Wines are made in different tanks depending on the grapes, and where the grapes come from to respect the specificity of each territory. Most of the wine-processing equipment is imported, mainly from Italy, says Karishma.

The grapes at Grover Zampa are hand-picked, she says. “At the next stage, they are hand sorted on sorting tables to ensure we use the best grapes and then de-stemmed and lightly crushed by a machine.”  

While this process seems long and tedious, Karishma says she enjoys it. Yeast is added to the grape juice to start the fermentation process. 

Age and wine go together and Karishma says wines can be aged for months or years, and their flavours depend on what they are aged in - stainless steel tanks, or variou barrels like French oak, American oak, etc.

“At Grover Zampa, grapes are processed in a cooling room. We have controlled cellars equipped with modern resources such as temperature-controlled tanks and our own bottling lines.
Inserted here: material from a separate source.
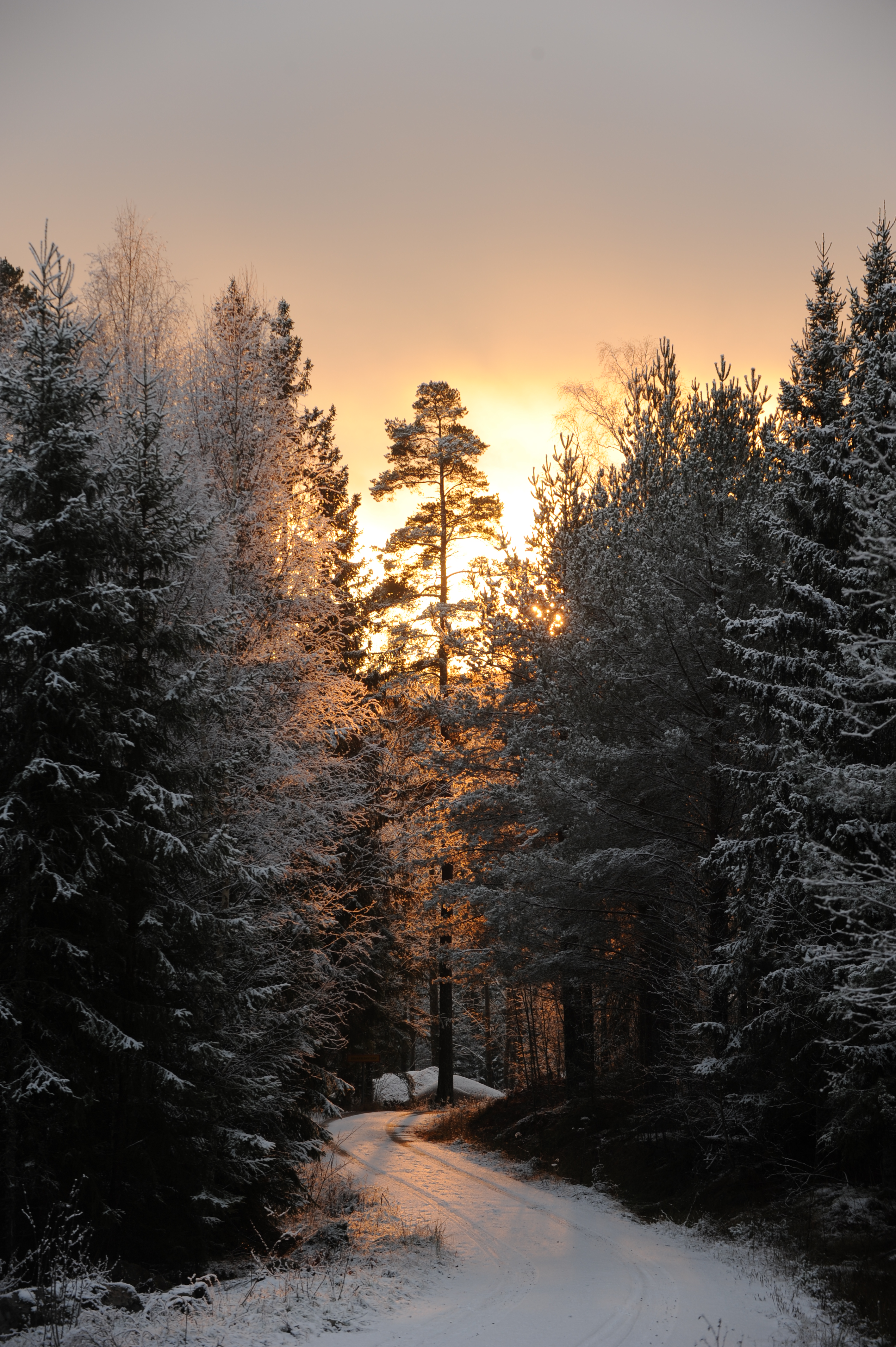 - Beskrivning: Solen lyser bakom träden, rosa lila himmel

This ensures that quality remains uncompromised throughout the winemaking process,” Karishma says. 

The business of wines 

According to the Registrar of Companies (RoC) data filed by the company, Grover’s revenue was at Rs 57.77 crore in the last financial year. The company registered a profit of Rs 18.98 crore. 
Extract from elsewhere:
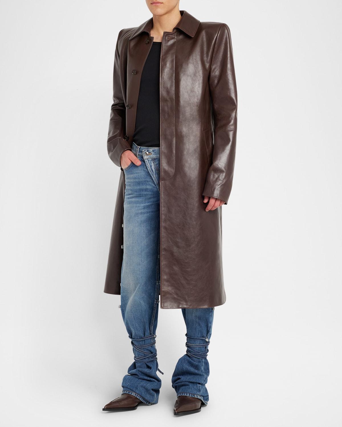 Alexander McQueen raincoat in smooth calf leather Point collar Stacked shoulders Concealed front fastening Side welt pockets Reomovable cord wrap at waist Dry clean Made in Italy Model is 6'1"/185cm.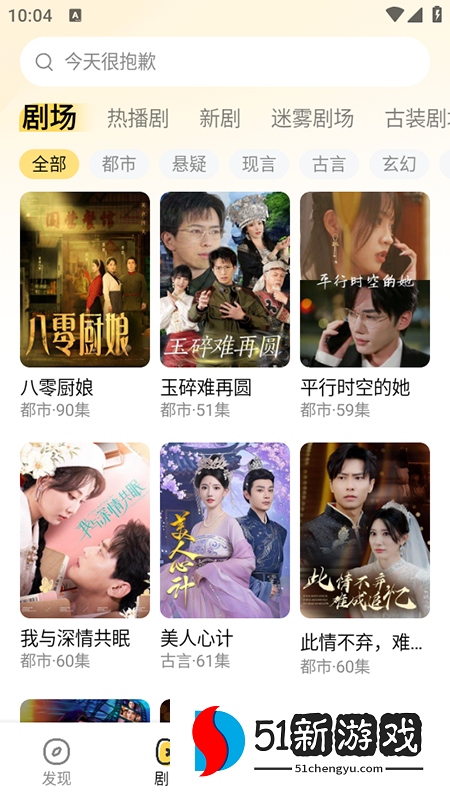 1、下载、安装并打开本网站上的软件。进入软件主页查看推荐的短剧,或点击“剧院”按城市、悬疑、时事、古剧等类别搜索短剧。

Wine in India is a niche market. According to news media reports, Grover sells over 2.2 lakh cases a year, which is believed to be a third of Sula Vineyard’s sales. 

“We focus on our USP, which is producing premium quality wines without compromise and delivering to our customers’ expectations. We also focus on consistently innovating. For example, we were the first winery to introduce a reserve wine and we have recently launched India’s first sparkling wine with real gold flakes, Auriga. This commitment to quality and innovation, as well as serving the needs of our customers, has served us well,” Karishma says. 

The prejudices 

While Karishma says she has never faced any specific problems being a woman in the winemaking business, she says it is a male-dominated industry, which makes it an intimidating prospect for a woman. 

“To a certain extent, I am ‘protected’ by who I am – the daughter of the chairman, but I I interact with a wide range of people - from farmers, labourers, international technical people, consumers, bar owners, and chefs. To a certain extent, I have to modify how much of my personality comes through in each interaction,” Karishma says. 

One of the biggest positives for the wine industry is the growing popularity of wine in India. So, what’s next for Grover Zampa? “We plan to increase our capacity and continue to innovate, introducing new wines to suit the Indian palate. We also plan to expand our international footprint. Grover Zampa wines are already exported to 25 countries and we want to significantly increase our distribution,” Karishma says.